If you're using a self-signed certificate, e.g. for testing or development purposes, you can set the `REJECT_UNAUTHORIZED` parameter to `false` in your `.env.local`. This will disable certificate validation, and allow Chat UI to connect to your custom endpoint.
#### Specific Embedding Model
A model can use any of the embedding models defined in `.env.local`, (currently used when web searching),
by default it will use the first embedding model, but it can be changed with the field `embeddingModel`:
```env
TEXT_EMBEDDING_MODELS = `[
{
"name": "Xenova/gte-small",
"chunkCharLength": 512,
"endpoints": [
{"type": "transformersjs"}
]
},
{
"name": "intfloat/e5-base-v2",
"chunkCharLength": 768,
"endpoints": [
{"type": "tei", "url": "http://127.0.0.1:8080/", "authorization": "Basic VVNFUjpQQVNT"},
{"type": "tei", "url": "http://127.0.0.1:8081/"}
]
}
]`
MODELS=`[
{
"name": "Ollama Mistral",
"chatPromptTemplate": "...",
"embeddingModel": "intfloat/e5-base-v2"
"parameters": {
...
},
"endpoints": [
...
]
}
]`
```
## Deploying to a HF Space
Create a `DOTENV_LOCAL` secret to your HF space with the content of your .env.local, and they will be picked up automatically when you run.
## Building
To create a production version of your app:
```bash
npm run build
```
You can preview the production build with `npm run preview`.
> To deploy your app, you may need to install an [adapter](https://kit.svelte.dev/docs/adapters) for your target environment.
## Config changes for HuggingChat
The config file for HuggingChat is stored in the `.env.template` file at the root of the repository. It is the single source of truth that is used to generate the actual `.env.local` file using our CI/CD pipeline.
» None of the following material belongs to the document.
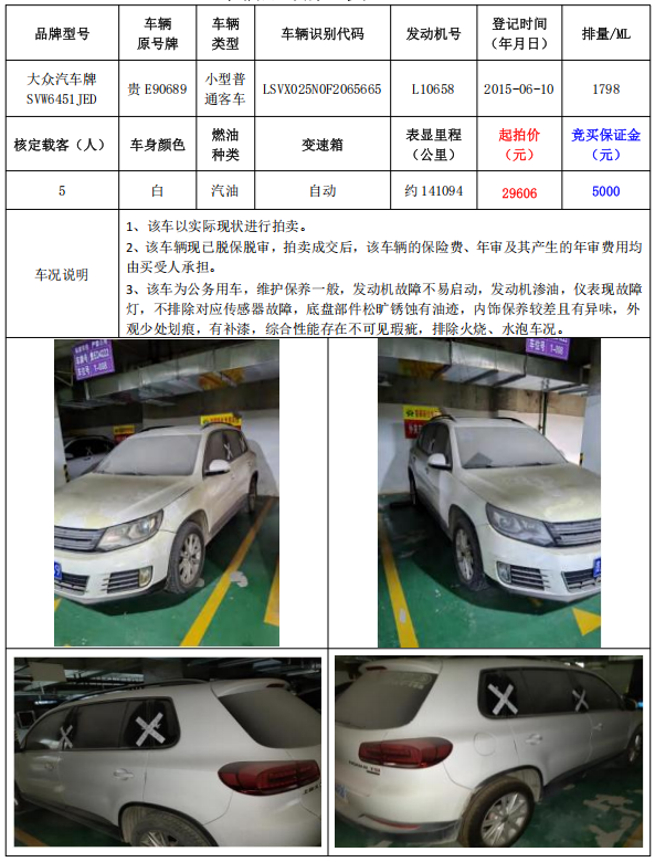 拍品編號(hào)7:大眾汽車牌SVW6451JED小型普通客車1輛(車輛原號(hào)牌:貴E90689)

See [updateProdEnv](https://github.com/huggingface/chat-ui/blob/cdb33a9583f5339ade724db615347393ef48f5cd/scripts/updateProdEnv.ts) for more details.
> [!TIP]
> If you want to make changes to model config for HuggingChat, you should do so against `.env.template`.
We currently use the following secrets for deploying HuggingChat in addition to the `.env.template` above:
- `MONGODB_URL`
- `HF_TOKEN`
- `OPENID_CONFIG`
- `SERPER_API_KEY`
They are defined as secrets in the repository.
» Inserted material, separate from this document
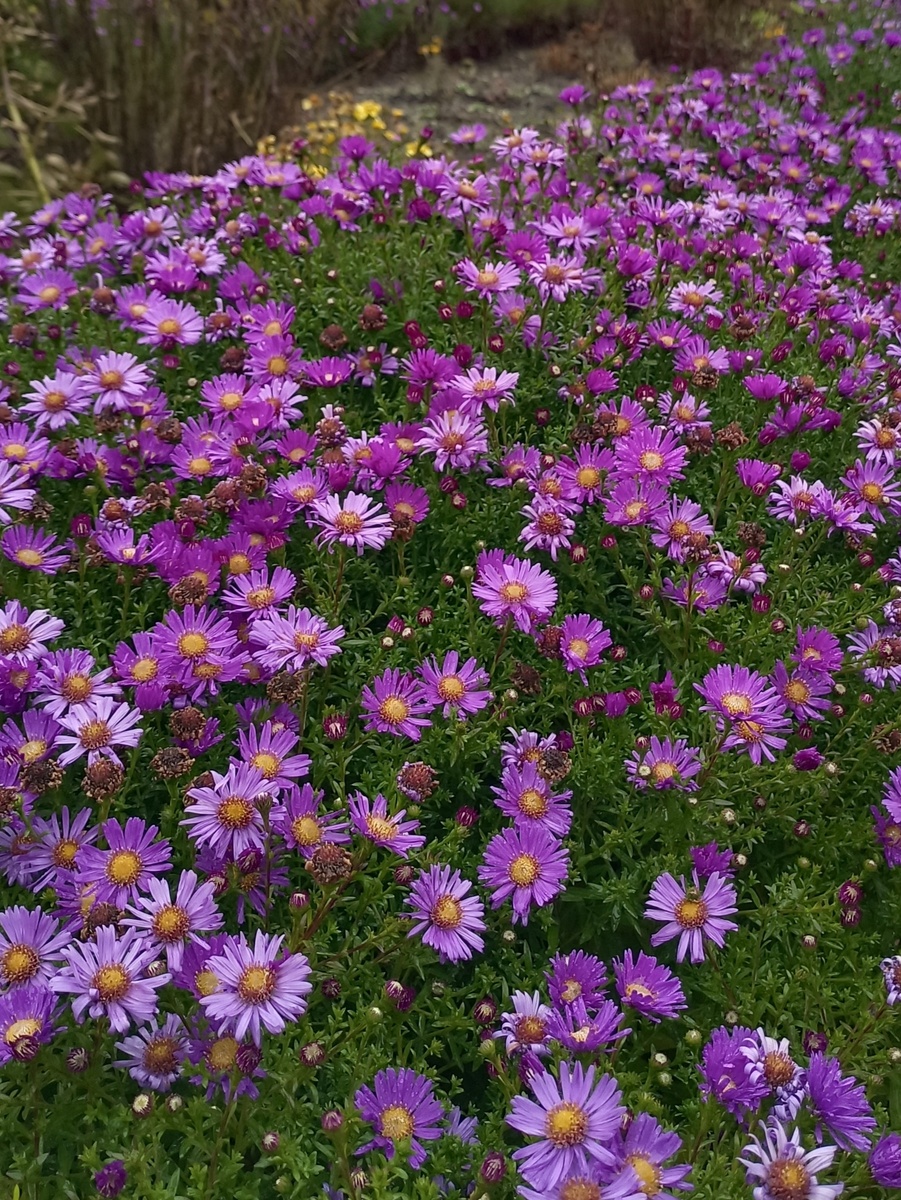 Сентябринки, или октябринки, или астры осенние на обложке не мои, к сожалению. Сфотографировала их на какой-то станции, когда возвращались домой. Раньше у меня тоже росли, но почему-то не пережили одной суровой зимы. Хотя пишут, что морозостойкость высокая. А что дома? Дома были заморозки до -3 в конце сентября. Конечно, все однолетние в кашпо замёрзли. Многолетние более стойкие, некоторые цветут и в октябре. Например, рудбекия. Цвела лапчатка и жёлтая, и розовая до середины октября. Розовая летом выгорала до белой, а осенью по-настоящему розовая. Наверное , надо её в тень пересадить. Тысячелистник, который заявлен, как Вишнёвая королева, который на деле оказался просто розовым, тоже цветёт до сих пор. Люпин решил повторно поцвести, несмотря на заморозки. Хризантема цвела до октябрьских недавних заморозков до минус пяти. Анютиным глазкам мороз не страшен, они так и уйдут под снег цветущими. Нашла за забором дикие колокольчики, пересадила их к себе. Интересно , приживутся? Садово-ого

### Testing config changes locally
You can test the config changes locally by first creating an `.env.SECRET_CONFIG` file with the secrets defined above. Then you can run the following command to generate the `.env.local` file:
```bash
npm run updateLocalEnv
```
This will replace your `.env.local` file with the one that will be used in prod (simply taking `.env.template + .env.SECRET_CONFIG`).
### Populate database
> [!WARNING]
> The `MONGODB_URL` used for this script will be fetched from `.env.local`. Make sure it's correct! The command runs directly on the database.
You can populate the database using faker data using the `populate` script:
```bash
npm run populate <flags here>
```
At least one flag must be specified, the following flags are available:
- `reset` - resets the database
- `all` - populates all tables
- `users` - populates the users table
- `settings` - populates the settings table for existing users
- `assistants` - populates the assistants table for existing users
- `conversations` - populates the conversations table for existing users
For example, you could use it like so:
```bash
npm run populate reset
```
to clear out the database. Then login in the app to create your user and run the following command:
```bash
npm run populate users settings assistants conversations
```
to populate the database with fake data, including fake conversations and assistants for your user.